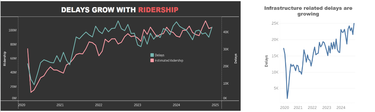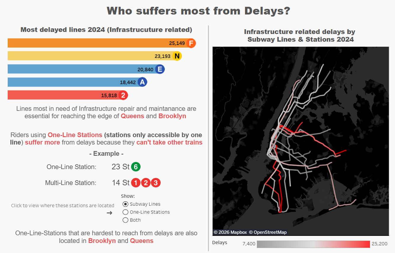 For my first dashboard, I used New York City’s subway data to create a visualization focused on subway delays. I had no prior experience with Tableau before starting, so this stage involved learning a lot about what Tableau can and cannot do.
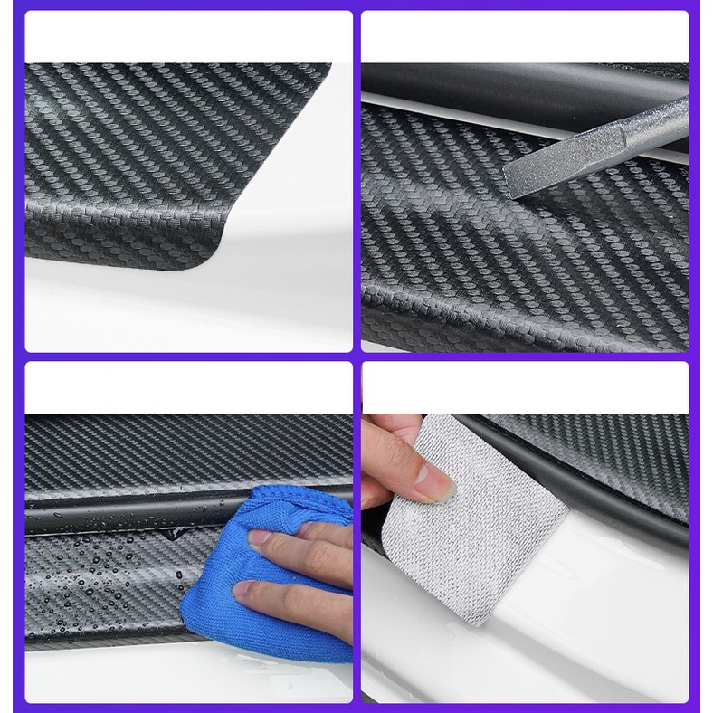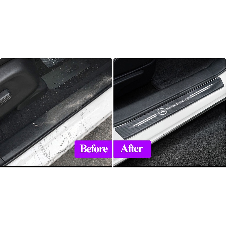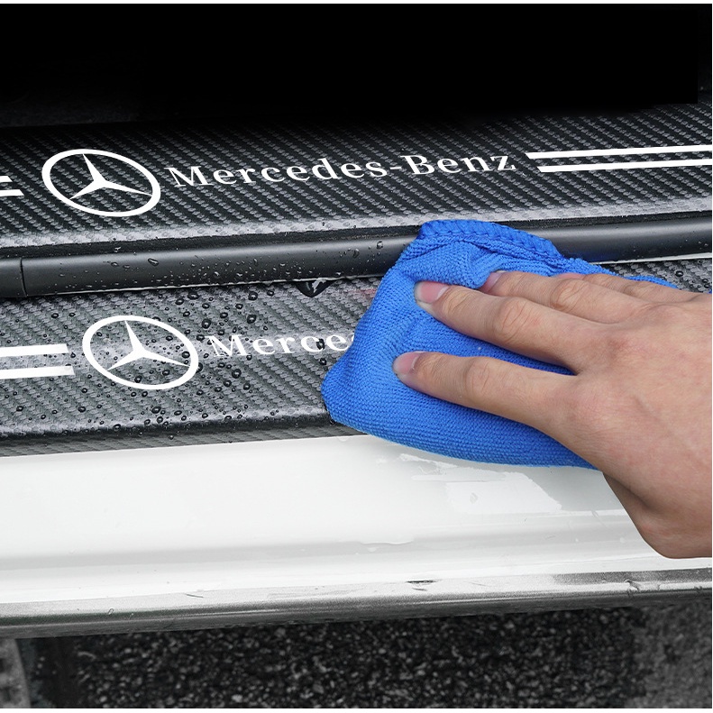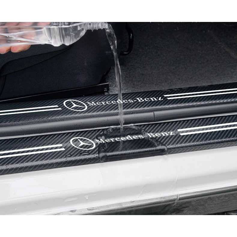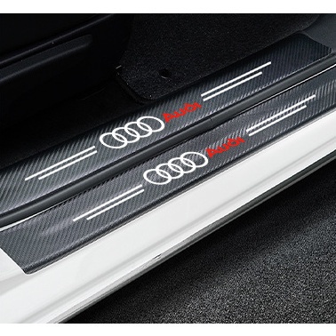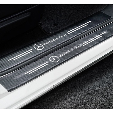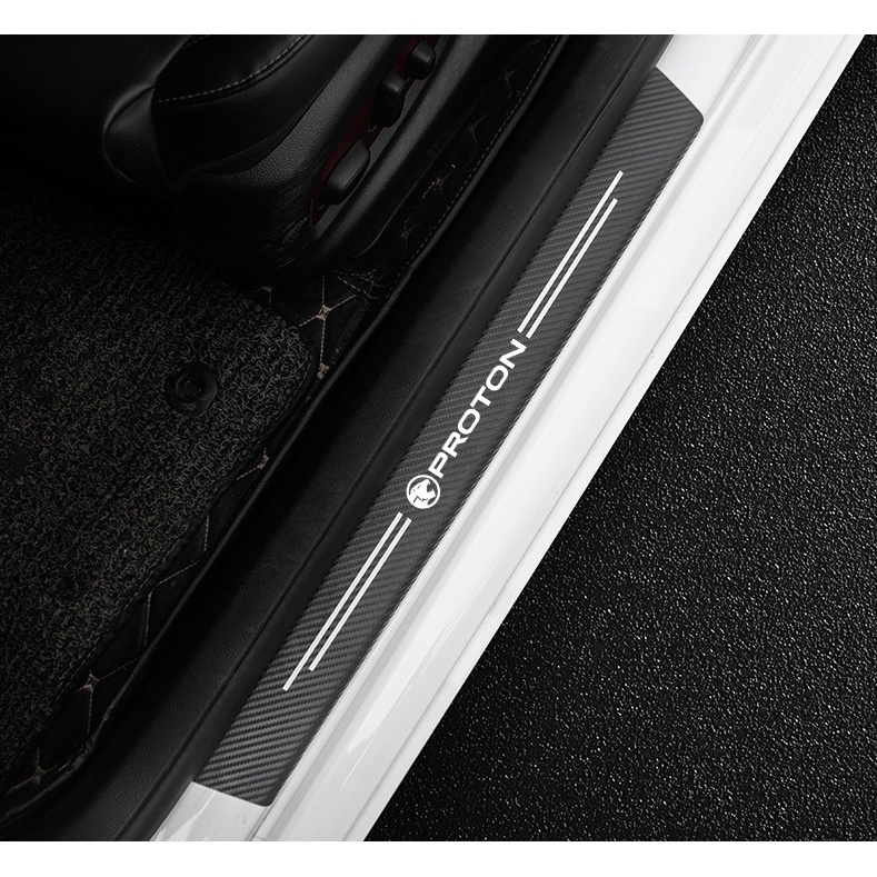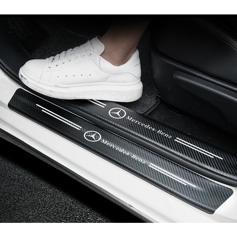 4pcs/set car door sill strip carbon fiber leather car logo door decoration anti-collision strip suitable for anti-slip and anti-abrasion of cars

---

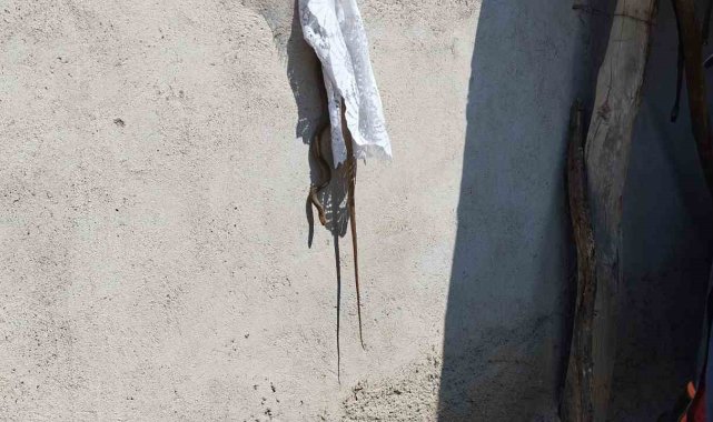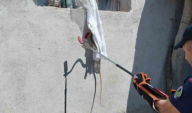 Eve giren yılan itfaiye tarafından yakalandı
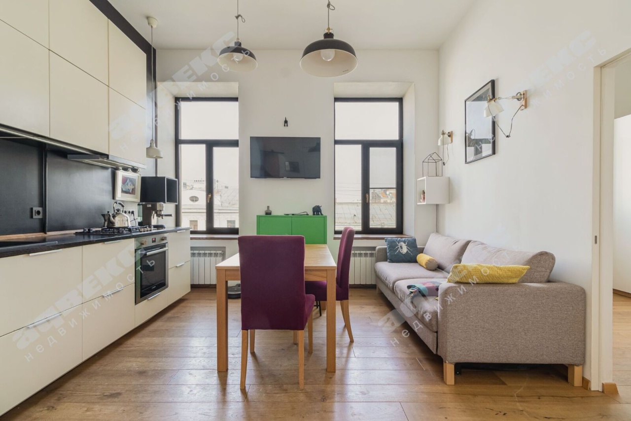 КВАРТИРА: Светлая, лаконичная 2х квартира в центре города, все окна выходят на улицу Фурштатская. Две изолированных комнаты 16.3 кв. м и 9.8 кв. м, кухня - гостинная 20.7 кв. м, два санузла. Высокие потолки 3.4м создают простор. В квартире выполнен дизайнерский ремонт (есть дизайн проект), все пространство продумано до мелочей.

*Problem requirements*
Look above for the line containing "Eve giren yılan itfaiye tarafından yakalandı", then copy exactly from it through the line containing "КВАРТИРА: Светлая, лаконичная", keeping both and leaving out pictures. Add nothing else.

*Task result*
 Eve giren yılan itfaiye tarafından yakalandı
 КВАРТИРА: Светлая, лаконичная 2х квартира в центре города, все окна выходят на улицу Фурштатская. Две изолированных комнаты 16.3 кв. м и 9.8 кв. м, кухня - гостинная 20.7 кв. м, два санузла. Высокие потолки 3.4м создают простор. В квартире выполнен дизайнерский ремонт (есть дизайн проект), все пространство продумано до мелочей.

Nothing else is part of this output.